It’s an uncomfortable truth that is playing out across retail logistics in Australia in 2025. Everyone is playing Amazon's game and Amazon is winning.

The playbook is familiar by now.

Amazon promises faster delivery. Many retailers follow suit. They invest in matching Amazon’s speed, often at significant cost. Amazon ups the ante and the cycle repeats.

It's an arms race that most retailers can't win.

In this week’s Delivered, Shippit’s Chief Product and Customer Officer, Inga Latham, unpacks the Amazon effect and the smarter play at a retailer’s disposal: using AI and data to understand what your customers actually want, then tailoring your approach to deliver on their needs.

TL;DR

  • 82.8% of retailers are worried about the growing competition of Amazon and Temu - but playing these giants at their own game is a losing strategy
  • AI democratises data insights, allowing retailers to ask strategic questions in conversational language and use data to build strategic, business- and customer-specific delivery experiences
  • The smartest retailers aren’t engaged in a blinkered pursuit of delivery speed or the ghost of Amazon, they’re using AI to understand what their customers want - from reliability and accuracy, to flexibility and price

The Amazon effect

Last month, reports surfaced that Amazon - now the US’ second-largest employer - plans to automate 75% of its operation; potentially saving 30 cents (~0.45AUD) per item and enabling even faster delivery.

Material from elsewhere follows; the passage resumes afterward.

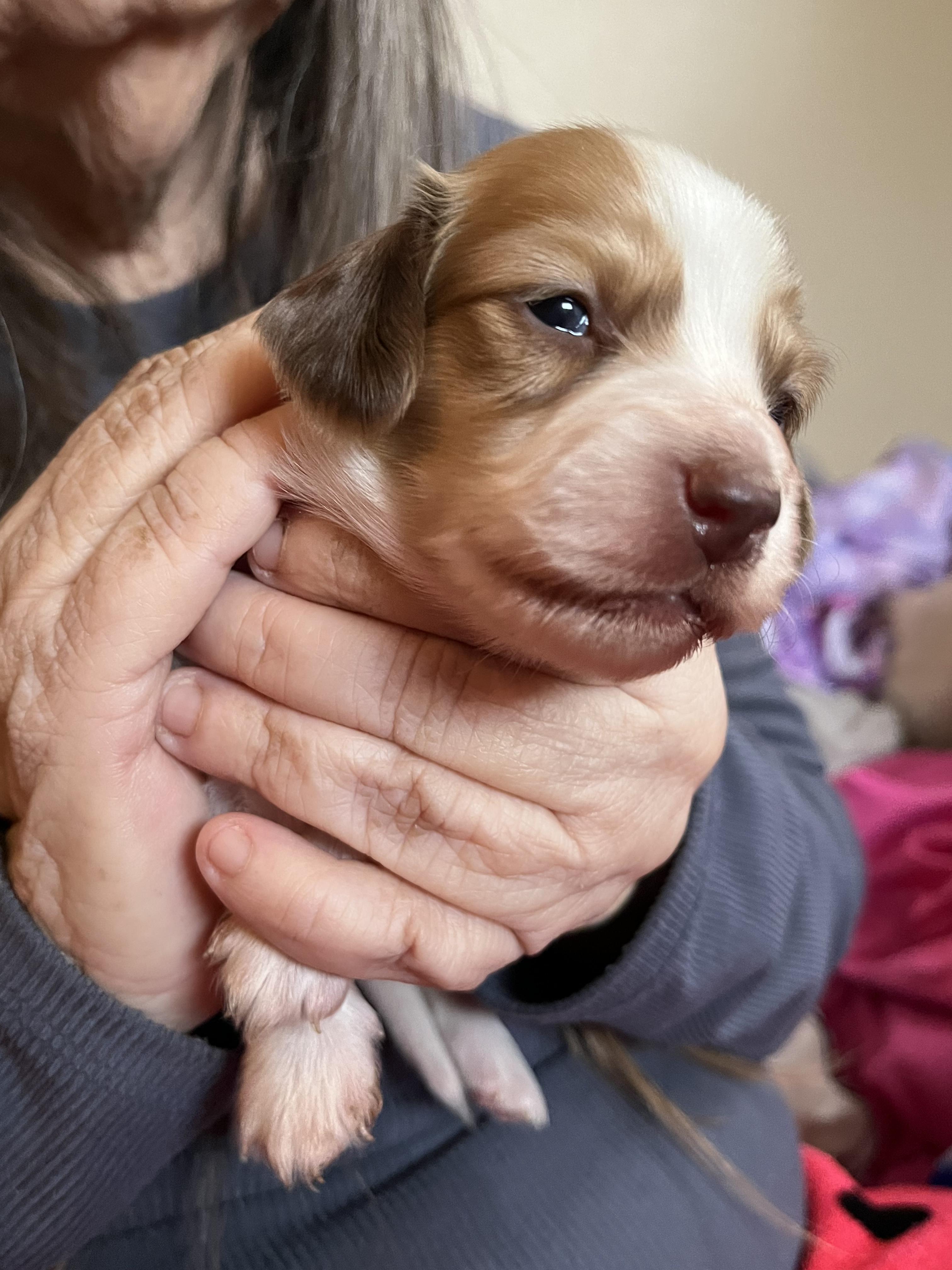 Jasmine is a female Dachshund. Carefully selected as a great representative of her breed, Amanda decided to make her part of their program. Amanda has passed Good Dog’s screening process, which involved a review of their breeding practices, environment, and the mental and physical health of their dogs.
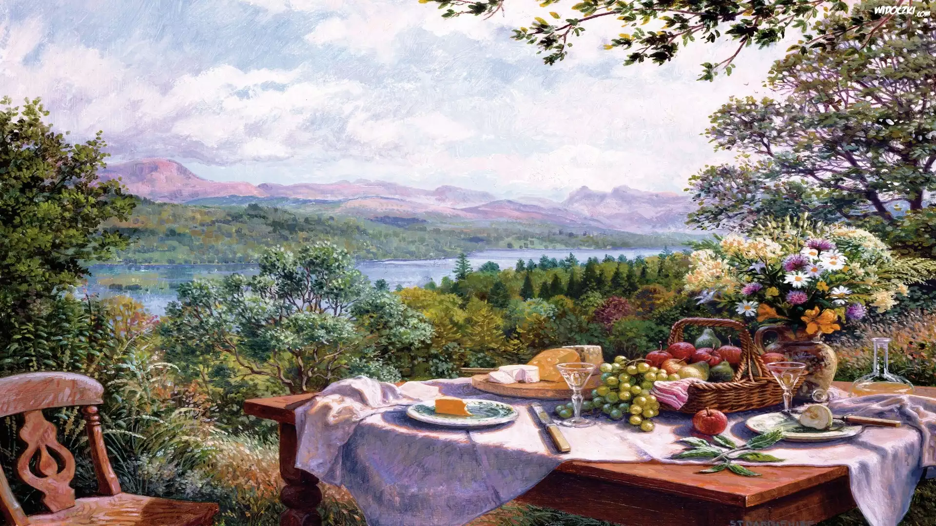 Zdjęcia, Stół, Śniadanie, Krajobraz, Obraz

It’s a threat playing out globally, including here in Australia.

Since opening its first local fulfilment centre in Melbourne in 2017, Amazon has invested billions in Australia. When announcing a state-of-the-art fulfilment centre in Victoria earlier this year, its rationale was clear: to speed up delivery.

Amazon orchestrates everything from purchasing to warehousing to last-mile delivery through connected systems. It’s a budget and blueprint that is nearly impossible to match and the reason it might never be toppled from its perch.

“The best of breed is Amazon,” Inga comments. “In addition to a cohesive strategy, they have a vertical tech stack, so everything happens and is orchestrated in a connected system. And the rest of us are working to achieve the same outcomes in a cobbled together versus well-composed and orchestrated stack.

“Amazon obviously has set a certain bar, but even Amazon has got newer entrants very hot on their heels who are growing at crazy rates to volumes that took them (Amazon) years to get to. What Temu and Shein have done in a short space of time is pretty flabbergasting.”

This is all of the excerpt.